L’évolution du mandat de la MONUSCO, la multiplication des initiatives diplomatiques portées par Doha et Washington, la prudence de la Belgique et la place ambivalente des diasporas en Belgique dessinent un même fil rouge : celui d’une paix souvent pensée comme une gestion du risque plutôt que comme une transformation en profondeur des causes du conflit. À force de privilégier la désescalade immédiate, la stabilisation sécuritaire et les équilibres géopolitiques, la communauté internationale court le risque de confondre l’absence temporaire de combats avec une paix véritable.

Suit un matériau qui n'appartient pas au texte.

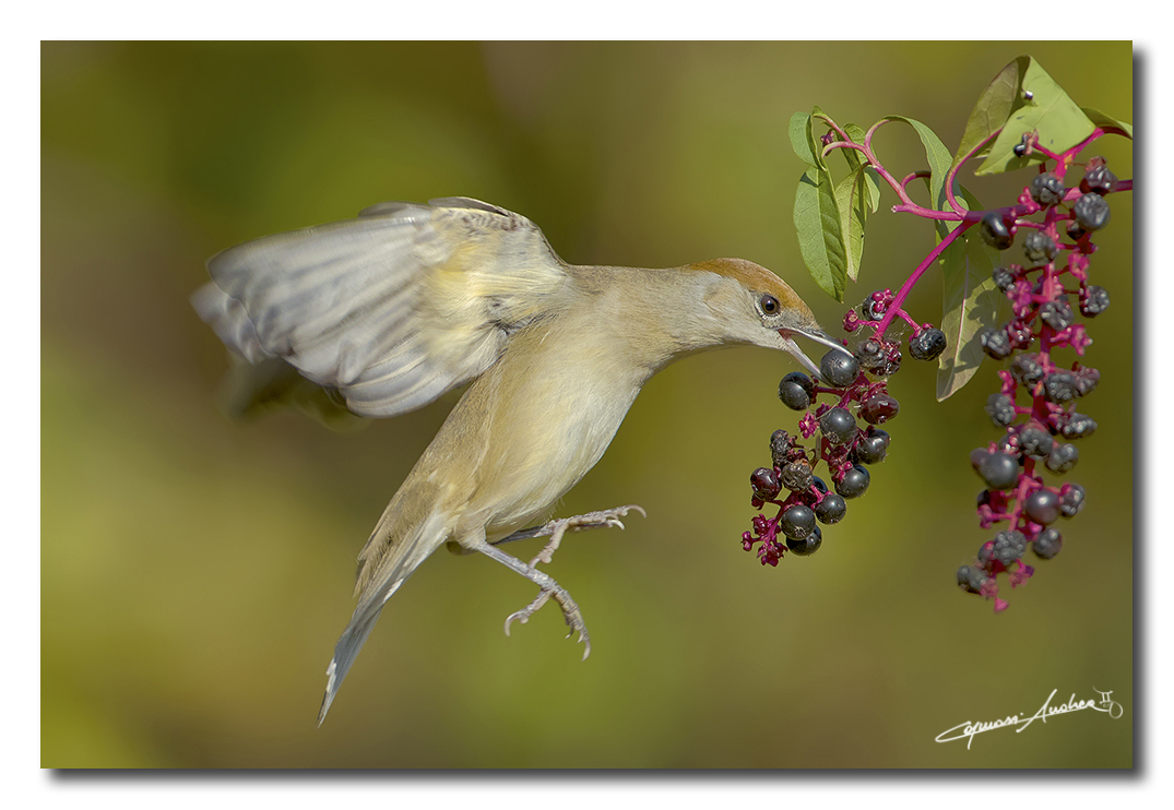 Il frullo d'ali, il congelamento in aria, il becco che afferra la bacca.
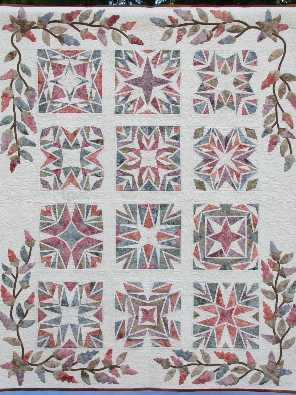 This 56” x 71” quilt features twelve intricately pieced blocks and beautifully hand-appliquéd borders, created using patterns and fabrics by Starr Design Fabrics. The soft pastels of the hand-dyed fabrics used in the quilt’s construction evoke a garden in full bloom, bathed in the gentle glow of a full moon.

Or, l’expérience congolaise montre avec force que la paix ne se décrète pas et ne se surveille pas uniquement à coups de résolutions ou de mécanismes techniques. Elle se construit dans le temps long, à partir de la justice, de la reconnaissance des violences subies, de la lutte contre l’impunité et de la participation effective des populations concernées. Une paix qui ignore ces dimensions reste fragile, réversible et profondément injuste. Elle alimente la défiance, tant envers les institutions nationales qu’internationales, et entretient le sentiment que l’avenir du pays se décide ailleurs, sans celles et ceux qui en subissent les conséquences.
Dans ce contexte, la MONUSCO se trouve à un moment charnière. Son rôle ne peut se limiter à accompagner des processus de paix conçus en dehors des sociétés qu’ils prétendent stabiliser. Sans une articulation claire avec des exigences politiques fortes (réforme des forces de sécurité, justice transitionnelle, gouvernance des ressources naturelles, respect des droits humains) son action risque de prolonger une attente coûteuse en vies humaines. Accompagner la paix ne peut signifier organiser la patience des populations face à l’inacceptable.
La Belgique, de son côté, dispose d’atouts singuliers pour contribuer à une autre approche. Son expertise historique, son engagement multilatéral et la vitalité de ses diasporas lui offrent la possibilité de porter une parole plus cohérente et plus courageuse, à l’échelle européenne et internationale. Refuser le statu quo, ce n’est pas imposer des solutions, mais rappeler avec constance que la paix durable passe par la justice et la responsabilité des acteurs impliqués, quels qu’ils soient.
Enfin, les citoyen·ne·s en Belgique ne sont pas extérieur·e·s à ces enjeux. Par l’information, le débat public, l’éducation permanente et le soutien aux initiatives portées par les diasporas et la société civile, elles et ils peuvent contribuer à déplacer le regard : d’une paix technocratique et distante vers une paix humaine, inclusive et exigeante. Dans un monde traversé par des conflits qui se répondent et s’alimentent, s’engager pour la paix en RDC, c’est aussi interroger notre propre rapport à la justice, à la solidarité et à la responsabilité internationale.
Surveiller un cessez-le-feu ne suffira jamais. Construire la paix exige du courage politique, de la mémoire, de la justice et une mobilisation citoyenne durable. C’est à cette condition que la paix cessera d’être une attente gérée pour devenir un horizon partagé.